Candidates for the Democratic nomination in New York's 7th congressional district appeared on the Brian Lehrer Show Friday morning, where they tried to lay out their platforms while addressing allegations that party politics are muddying the race.
Incumbent Congresswoman Nydia Velazquez has been in office for almost 20 years, and is hoping to keep her seat in the newly-created seventh district that—thanks to redistricting—includes large swaths of Brooklyn, as well as parts of lower Manhattan and Ridgewood in Queens. Her re-election bid has been complicated by opposition from Brooklyn Democratic party boss Vito Lopez, who is supporting one of her challengers, City Councilman Erik Martin Dilan, in the primary.

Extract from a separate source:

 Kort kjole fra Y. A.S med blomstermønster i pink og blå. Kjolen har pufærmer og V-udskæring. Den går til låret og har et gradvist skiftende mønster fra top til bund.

"For many years now, Vito has wanted everyone to play by his rules, and those rules basically don’t provide for transparency," Velazquez told Brian Lehrer. "It’s a matter of him being party boss, him being the person to decide who should be representing different districts in the community. I support an open process for the community, to have the right to choose who their representative should be."
Velazquez is at odds with Lopez over issues that include the so-called "loft law" that would protect people living illegally in converted warehouses, and how to clean up the Gowanus Canal.

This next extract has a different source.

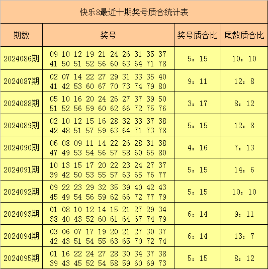 福彩快乐8第2024095期开出奖号:01 16 22 24 27 28 30 34 37 38 39 43 45 52 54 58 59 60 69 73,其中奖号质合比为5:15,奖号尾数质合比为8:12。

Lopez supports the loft law, but Velazquez is wary of losing Brooklyn's manufacturing infrastructure to residential development at a time that she says manufacturing is on the rebound in New York.
"Manufacturing is coming back and we should protect the manufacturing sector in New York," Velazquez said. "One of the issues we're confronting right now is that there's no vacancy, no spaces."
Erik Martin Dilan, who has the support of Lopez, agreed that manufacturing should be a priority for the city, but said allowing people to convert defunct spaces into vibrant, livable residences has been good for communities.
"To say that people who live there are killing the economy or chasing manufacturing out, chasing manufacturing jobs away, I don't believe that's true," Dilan said.
Dilan also brushed off questions about whether the intrigue involving Lopez and Velasquez could end up hurting his candidacy, making him appear a puppet for the Brooklyn party boss. He said it was a badge of honor to have Lopez's backing.
"I haven't seen anyone build more housing for poor people in this entire state" than Vito Lopez, Dilan said. "If people are against that, they need to reconsider what they think is right for poor communities."
If anything, Dilan said, the gossip is just a distraction from the issues. "Vito Lopez is not the national foremost crisis facing the country. I expect to get votes from many people in the district who don't even know who Vito Lopez is."
Dan O'Connor, a businessman who's never held office before, also complained about the political rumor mill. He's quite familiar with it: Some observers wonder if he's not a stalking horse for Velasquez, perhaps planted by Lopez or one of his local allies, who could siphon white voters away from the congresswoman and clear Dilan's path to the nomination. The allegations, he said, were absurd.
"Anyone who knows anything about me as an individual would know that my biggest complaint is the political establishment as it exists," O'Connor said. "I don't know a whole lot about Mr. Lopez, but I think he does represent the establishment, and that's everything I'm fighting against."
O'Connor said his best attribute was that he comes from outside politics, and hasn't had a chance to be corrupted. He pledged to take on the issues of money in politics, vowing to accept only half of his salary, serve for only four terms, and fight for term limits on elected officials in Congress.
George Martinez also tried to focus on problems with the political establishment, rather than political rumors. Martinez is an adjunct professor of political science at Pace University, an Occupy Wall Street organizer and former leader of the 51st Assembly district. Even his candidacy has come under suspicion for being brought to you by Vito Lopez.
"I don't know anything about these folks' political beef for the last 20 years but what I've heard," Martinez explained. "I'm not a son or member of a longstanding political family or organization."
"I know lots of these folks, and what I recognize is, if they've been in power for 20 years apiece, I have not seen the results of that battle come to our community in positive benefits."
Voters will consider the issues and the rumors as they head to the polls next Tuesday, June 26, to decide the primary.